How about trying the grade skip and if it doesn't work out, she can always come back to the comforts and security of 5th. It is a big transition to middle school so I can understand the trepidation. I've read cases where kids don't do well with grade skip but also know cases where it has been highly successful. K is also petite so I worry about this but she knows a 6th grader currently who is petite as well and is doing well in her grade. In the end, maturity probably matters more than size.

Jenny P. said...

I'm sure she will be just fine :) My son did not skip a grade, but he was accelerated a grade in math from 1st grade on. When he was in 5th grade, the school transported him to Middle School for 6th grade math - the schools are only a few minutes apart, so it was a short cab ride for him. Once in 6th grade, he was accelerated to 8th grade accelerated math - he is now in 7th grade, and just finishing Algebra 1. He is young for his grade (June birthday), and also the shortest kid - but that has never bothered him. We might have considered skipping a grade, but he school were great about accelerating him in math (his strongest subject), and he was perfectly content, so we didn't bother. The school district always had a "gifted" Elementary school, but we didn't send him there, either. However, the year he entered Middle School, they started a new "Honor's Program" in the district, at his Middle School, which is the full time gifted program. So - we got lucky without the grade skip ! I look forward to seeing how your daughter fares in 6th grade !! :)

JL said...

Other option is to keep her in 5th so she can go to her graduation, camp, etc. and supplement like you have been doing. She can always grade skip later if she wants. It might be easier to grade skip after she has made the transition to middle school. Let her enjoy being a kid!

Ticia said...

It's a hard decision for sure. That is one thing I like about how we're homeschooling, we're able to mix and match according to actual abilities. I'll be praying she can get into the STEM school.

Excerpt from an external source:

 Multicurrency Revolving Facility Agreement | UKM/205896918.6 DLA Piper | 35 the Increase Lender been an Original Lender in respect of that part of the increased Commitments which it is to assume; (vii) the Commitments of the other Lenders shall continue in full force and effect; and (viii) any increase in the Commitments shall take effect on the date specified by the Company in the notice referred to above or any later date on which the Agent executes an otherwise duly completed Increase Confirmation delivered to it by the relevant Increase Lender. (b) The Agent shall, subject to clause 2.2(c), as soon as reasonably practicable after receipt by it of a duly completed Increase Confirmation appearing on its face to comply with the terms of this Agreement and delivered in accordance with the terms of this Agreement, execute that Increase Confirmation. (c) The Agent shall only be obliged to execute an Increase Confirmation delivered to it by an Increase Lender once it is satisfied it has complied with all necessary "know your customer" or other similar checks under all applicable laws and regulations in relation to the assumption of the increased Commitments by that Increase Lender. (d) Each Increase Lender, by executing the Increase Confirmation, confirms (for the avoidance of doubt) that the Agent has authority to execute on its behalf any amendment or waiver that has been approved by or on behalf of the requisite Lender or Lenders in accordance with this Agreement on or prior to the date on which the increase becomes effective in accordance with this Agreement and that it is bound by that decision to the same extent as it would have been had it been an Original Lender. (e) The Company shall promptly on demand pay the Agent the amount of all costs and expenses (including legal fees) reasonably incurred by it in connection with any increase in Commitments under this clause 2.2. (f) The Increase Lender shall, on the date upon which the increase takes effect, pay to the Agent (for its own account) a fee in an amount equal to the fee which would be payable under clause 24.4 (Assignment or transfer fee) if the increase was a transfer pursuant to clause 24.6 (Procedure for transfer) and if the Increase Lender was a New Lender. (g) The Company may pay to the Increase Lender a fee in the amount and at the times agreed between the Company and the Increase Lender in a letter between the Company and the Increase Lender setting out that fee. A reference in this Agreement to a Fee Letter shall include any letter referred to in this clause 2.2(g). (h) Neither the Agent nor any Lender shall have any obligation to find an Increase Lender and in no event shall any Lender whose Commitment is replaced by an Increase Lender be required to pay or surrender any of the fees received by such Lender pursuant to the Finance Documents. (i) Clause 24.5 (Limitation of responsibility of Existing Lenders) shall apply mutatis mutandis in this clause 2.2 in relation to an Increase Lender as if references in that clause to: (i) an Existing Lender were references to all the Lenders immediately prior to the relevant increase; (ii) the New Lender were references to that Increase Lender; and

An Almost Unschooling Mom said...

Wow, that is a hard one. I wish I had some excellent advice - but I'm sure you'll do what's best for Smarty no matter which school, or grade she ends up in.

Julie said...

What a tough decision! I think with this new school option, where her friends in 5th will be there and she already knows some 6th graders, she may be just fine. If she were going to a neighborhood school, I may have to agree with you and push to keep her in 5th, and then maybe skip 6th or 7th instead. We did the grade acceleration for math in 5th grade but he was able to do the 6th grade math course online so there was no need to leave the school. I will say that in 6th grade, the content gets a lot older a lot faster. For example, they watched CNN Student News Network and discussed many of the news stories, health class covered drugs, alcohol, etc. There's just a different atmosphere in middle and the kids are treated at an older level, if that makes sense. It's been fine and C was totally ready for that. But it's something to consider. Maybe look into the curriculum for the different classes in that school and see what you think.